Погладил прохладный металл, поднес мундштук к губам, помедлил несколько мгновений. Казалось, весь мир замер в ожидании мучительно-прекрасных звуков.
И вот, наконец, вечерний воздух наполнился музыкой. Как голодный рот - сладкой карамелью, как пересохшая река - весенним дождем, как уставшая голова - полуночными снами.
Все дети в Гамельне разом повскакали с мест, бросились к окнам, прижались носами к холодному стеклу.
Флейта пела о далеких странах и хрустальных замках, о чернокнижниках и благородных рыцарях в блестящих доспехах, об утонувших кораблях и залитой кровью траве на полях сражений.
О простом и непонятном, радостном и печальном, доступном и непостижимом.
И те, чье сердце начинало биться в такт странной песне, торопились ступить за порог, чтобы уже никогда не возвращаться в родной дом.
Так и идти за волшебной флейтой Крысолова.
Непонятно куда, непонятно зачем.
***
Костер неторопливо, как сытый пес, грыз сухие ветки. Звезды в высоком небе вели неслышный с земли разговор. Человек в зеленом сюртуке сидел, задумавшись, обхватив костлявые колени.
Рядом с огнем спал, свернувшись клубком, светловолосый мальчик лет пяти.
Человек отвлекся от размышлений, поправил на ребенке сбившийся плед. Мальчик чуть слышно всхлипнул, не открывая глаз.
- Здравствуй, Крысолов! - тихо сказали за спиной.
Человек обернулся. Из чащи бесшумно вышел огромный белый волк c глазами цвета холодной зимы
- Здравствуй, Зверь! Я тебя ждал, - человек подвинулся, освобождая гостю место у костра.
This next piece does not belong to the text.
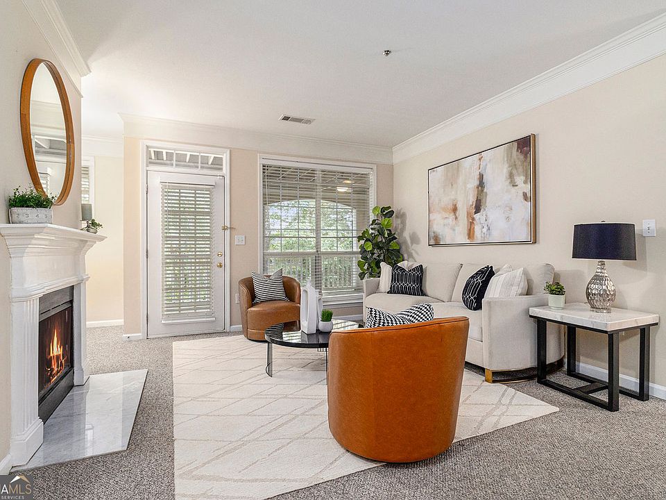 Welcome to The Villages of Devinshire, where comfort meets convenience! This inviting 2-bedroom, 2-bath condo features a desirable roommate layout, offering privacy with bedrooms on opposite sides of the home. Step inside to find a spacious living area with a cozy fireplace, abundant natural light, and access to a large private balcony-perfect for relaxing or entertaining. A small reading nook or office space adds flexibility for working from home or enjoying quiet downtime. Life at The Villages of Devinshire feels like resort-style living. Residents enjoy beautifully landscaped lawns, serene parks with pavilions, a yoga center, a modern fitness facility, and an elite clubhouse designed for gatherings and events. For entertainment, there's even a mini-theatre, while outdoor recreation is elevated with a temperature-controlled swimming pool, a dedicated kids' pool, playground, picnic area, and scenic walking trails. Pet owners will love the convenient dog park, and there's even a car wash station to make everyday living easier. Located in Alpharetta, this condo offers affordable living in one of North Fulton's most desirable areas, with easy access to top-rated schools, shopping, dining, and commuting routes. Don't miss the chance to enjoy a vibrant lifestyle at The Villages of Devinshire-schedule your showing today!

Белый волк закружился на месте, словно в погоне за собственным хвостом. Миг - и у огня оказался путник с ледяными глазами:
- Давно тебя не было в наших лесах. Все бродишь по свету? Все не можешь успокоиться? Всегда один. Всегда в пути.
- Такая судьба, - пожал плечами человек, - я не жалуюсь.
- Мелковат твой улов сегодня, - путник кивнул в сторону спящего ребенка. Раньше за тобой шли десятки.
- Что-то происходит с миром, Зверь. Все труднее найти детей с правильной душой. Может быть в следующий раз я вообще уйду один.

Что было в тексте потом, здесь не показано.